Investigating data transfer cost reduction for AWS S3

Trying to find ways to save on data transfer costs was a side quest to my main mission, but it ended up being worthwhile.

Recently, I saw a quote from a Jason Lengstorf article that resonated with me:

"A healthy team is intentionally underutilized. This creates free time for chasing shiny things with low risk."

Earlier this week, I had the opportunity to do some investigative work and was able to determine how to decrease our S3 data transfer costs in AWS by as much as 56%. This is a concrete example of why you shouldn't max out every resource, and this is the story of what happened.

Cost explorer

My employer uses multiple products in the AWS stack, including numerous EC2 instances. These instances are mostly servers that never get turned off. As such, we are on a savings plan with AWS. The savings plan is a yearly agreement that locks us into a specific region, instance type, and tenancy. In exchange for committing to spend a certain amount per month, AWS gives us a hefty discount on the on-demand rate.

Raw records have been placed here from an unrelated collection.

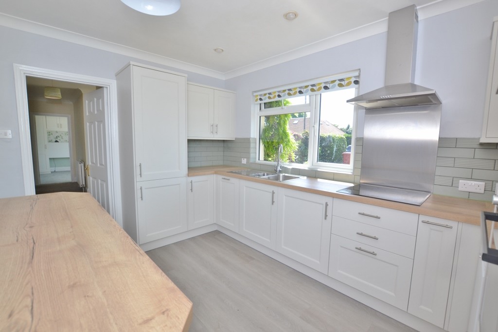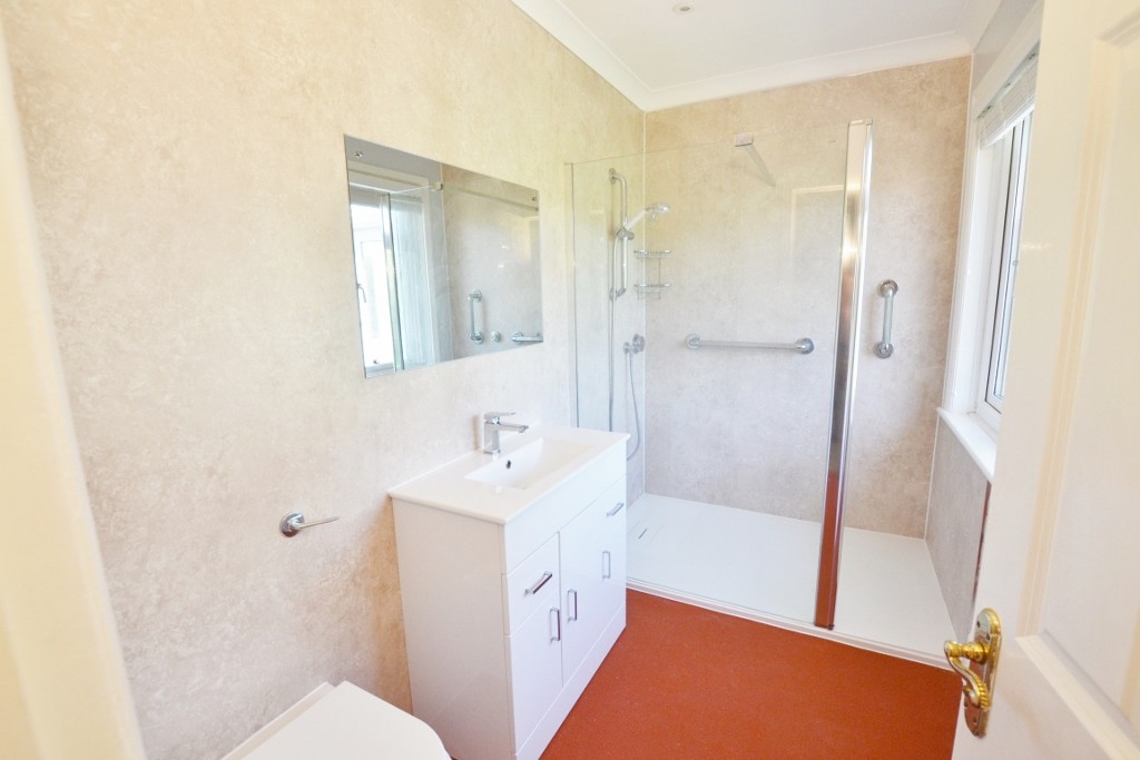This detached bungalow offers spacious and adaptable accommodation and is offered in excellent decorative order inside and out. The front door opens to a hall with cloakroom. The newly fitted kitchen has a good range of wall and floor units, integral appliances and ample worktops including a breakfast bar. The double aspect sitting room has an open fireplace and double doors open to a conservatory which has double doors to the garden. The two double bedrooms each have an ensuite shower room as well as fitted wardrobes. There is also a walk in storage room with fitted cupboards.
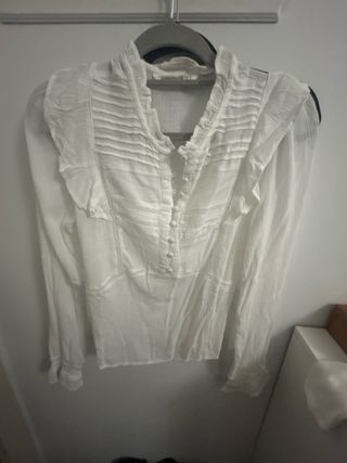 Bonita blusa blanca con un diseño moderno y favorecedor.manga farol. Es una XS pero viene perfecta hasta M - Mangas largas abullonadas con puños elásticos. - Cuello redondo. - Cierre de botones en la parte delantera. - Cintura elástica fruncida. - Detalle de volantes en la botonadura.
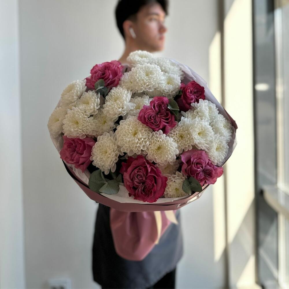 Эвкалипт - 4 шт. хризантемы - 5 шт. пионовидные розы - 6 шт.
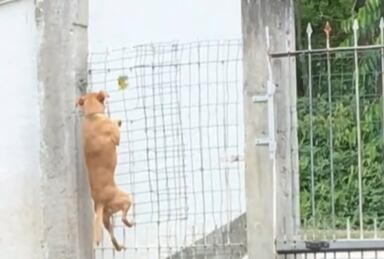 Uma cadela caramelo chamou a atenção dos internautas ao ser flagrada escalando o portão de casa para fugir. A tutora, Tainá, registrou o momento e compartilhou nas redes sociais, se tornando viral.

Our savings plan was expiring for the year, so I spent a lot of time reviewing instances. Instances that were no longer needed were decommissioned, and a new savings plan for the next year was purchased.

While the main purpose of the exercise was to purchase a new savings plan for EC2, I am a genuinely curious person. I spent a lot of time reviewing AWS Cost Explorer while trying to see how we should tweak our savings plan for the coming year. As I was in cost explorer, I noticed that our data transfer cost was the 3rd highest monthly expense in our bill.

I had a suspicion what was responsible for most of those costs. My assumption was correct, and using the filters in cost explorer, I learned that S3 was largely responsible. Because we serve images directly from S3 buckets, it means we are paying more than we need to.

In a previous post, I mentioned why serving images directly from S3 isn't a good idea for web performance. While I made a plan to address it, the effort keeps getting de-prioritized.

With the savings I found, I am betting my previously de-prioritized project will become a priority because our fiscal year starts in June, and we are doing budget planning right now. It's unfortunate that this is the case, but it is the reality.

Cost optimization for data transfer

The images on our sites are both stored in and served by S3. An excerpt of the current S3 pricing looks like this:

Per month Cost per GB ($)
First 10TB 0.09

In looking at ways to reduce data transfer cost for S3, AWS Cloudfront kept coming up again and again. This isn't revolutionary, new information, but I needed to model the pricing to make sure it was really a good idea.

An excerpt of the current Cloudfront pricing looks like this:

Per month Cost per GB ($)
First 10TB 0.085 - 0.120

Cloudfront gives a range depending on the region closest to the end user. Transfer costs are lowest in North America and Europe, and it is the most expensive in Asia. If a higher percentage of traffic came from Asia, then data transfer would be more expensive byte-for-byte with Cloudfront than it is using S3.

Limiting regions

When using Cloudfront, it's possible to set your distribution to specific price classes. If you set up the distribution to "Price Class 100," it would be limited to the cheapest regions, so there would be guaranteed cost savings.

So for 10TB of data transfer with Cloudfront vs. S3, you are left with this:

Service Monthly Cost for 10TB
S3 $921.60
Cloudfront $870.40

Savings plan

Just like EC2 offers savings plans, so does Cloudfront. Known as the security savings bundle, it lowers your costs by up to 30%.

With a savings plan, the 10TB Cloudfront price from before would become $609.28.

Other optimizations

Here is where it gets interesting. The images served out of the S3 buckets are largely JPEGs. If these images a modern format, the data transfer size would be much smaller. According to a compression study by Google, webp can reduce the size of a JPEG by 25-34%. If the JPEGs were converted to webp, the data transfer size would be reduced to somewhere between 6.76TB to 7.68TB, which means our transfer cost would fall between $402.12 and $456.96.

The service to convert the image and store them would incur some additional fees, so it would be worth exploring how this might impact overall costs.

Overall plan

Breaking it down into smaller steps, the implementation plan looks like this:

  1. Create new Cloudfront distribution and limit it to Price Class 100.
  2. Replace S3 urls with Cloudfront. This will still be better performance than serving everything out of us-east-1 because it's closer to the users and uses HTTP/2
  3. Once images are served with Cloudfront, purchase a security savings bundle to reduce costs.
  4. Evaluate price class options for performance-vs-cost optimization.
  5. Create service for on-the-fly webp conversion with Lambda@edge (optional)

Conclusion

As with anything that is pay-per-use, you should verify this on your own for your exact situation to avoid unexpected expenditures and not take what I found as a universal solution. In my case, it ended up being a worthwhile endeavor because I have a path to reduce the data transfer cost by as much as 56%, while providing a better, more performant service for our users to consume.

The cost savings example above is precisely why giving engineers chances to investigate and experiment is something that every business should do.